Reef Site No. 11 is also known as the Redbird Reef after the “redbird” No. 7 Flushing Line subway cars that provide predominant structure and fish habitat over the reef’s 1.3 square miles of ocean floor located 16 miles off the Delaware coast. To build the Redbird Reef, 619 of the obsolete subway cars were sunk, each of them 51-feet-long by nine-feet-wide, making a substantial bottom structure for an artificial reef.

The Redbird Reef, besides being a fish habitat created by the subway cars, includes a 215-foot-long Chesapeake Bay cruise ship, 86 U.S. Army tanks, eight tugboats, a fishing trawler, two barges and now, Reedville.

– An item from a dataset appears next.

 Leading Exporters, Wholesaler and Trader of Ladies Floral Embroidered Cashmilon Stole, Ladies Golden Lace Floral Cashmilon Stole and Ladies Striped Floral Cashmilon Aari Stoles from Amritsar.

DNREC’s development of the artificial reef sites began in 1995 and has aggressively continued into the present with new reef structure added as quickly as the program can get its hands on some suitable material. That includes anything old and afloat that will sink after it’s been cleaned up environmentally for reefing, and anything cleanly discarded that can be resurrected as reef material once it goes down to the ocean floor.

Durable, stable, non-toxic reef materials can develop an invertebrate community which is hundreds of times richer than adjacent bottom, providing food and physical protection for reef fish such as tautog, seabass, scup, spadefish and triggerfish. In addition, gamefish such as bluefish, striped bass and weakfish are attracted to baitfish, which congregate around reef structure.

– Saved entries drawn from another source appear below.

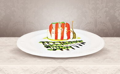 Состав: итальянский сыр моцарелла, свежие томаты, каперсы (ягоды с черенками), оливковое масло с базиликом, бальзамический соус, свежий базилик, чипсы из базилика, чипсы из томата, соус песто с руколой.
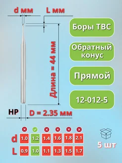 Бор зубной твердосплавный для прямого наконечника, 5 шт
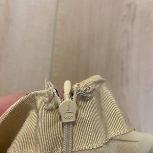 Hidden hook-and-eye closure (loop is torn, can be easily repaired/does not impact fit of skirt) and zip at side

Recycled materials have supported reef development efforts to date. Donated concrete culvert pipe and other concrete products are the primary material used at the eight Delaware Bay sites. Ballasted tire units have been deployed at the three ocean sites. The tugboat “Golden Eagle” has been sunk in the lower bay and the tug “Margaret” was the latest vessel of her kind to join the artificial reef when sunk in 2006.

To date, more than 89,000 tons of concrete products, 9,000 tons of ballasted tire units and 86 decommissioned military vehicles have been utilized by the Delaware reef program. Retired vessels have become an important part of the Reef Program in recent years with vessels from 40- to 565-feet sunk on eight of the reef sites.

Ms. Lavoie said the Delaware Reef Program is one part of a comprehensive fisheries management effort and is designed to enhance fisheries habitat, benefit structure-oriented fish and provide fishing opportunities for anglers. Over the long haul, artificial reefs are seen as a salvation for depleted or endangered fisheries.

“The artificial reef is a big draw for both angers and underwater divers,” said Ms. Lavoie. “Fish swim in and out of these structures, creating an interesting place to dive and great fishing spot. We know that a lot of the head boats and charter boats that take people out for fishing trips will go directly to our reefs to fish.”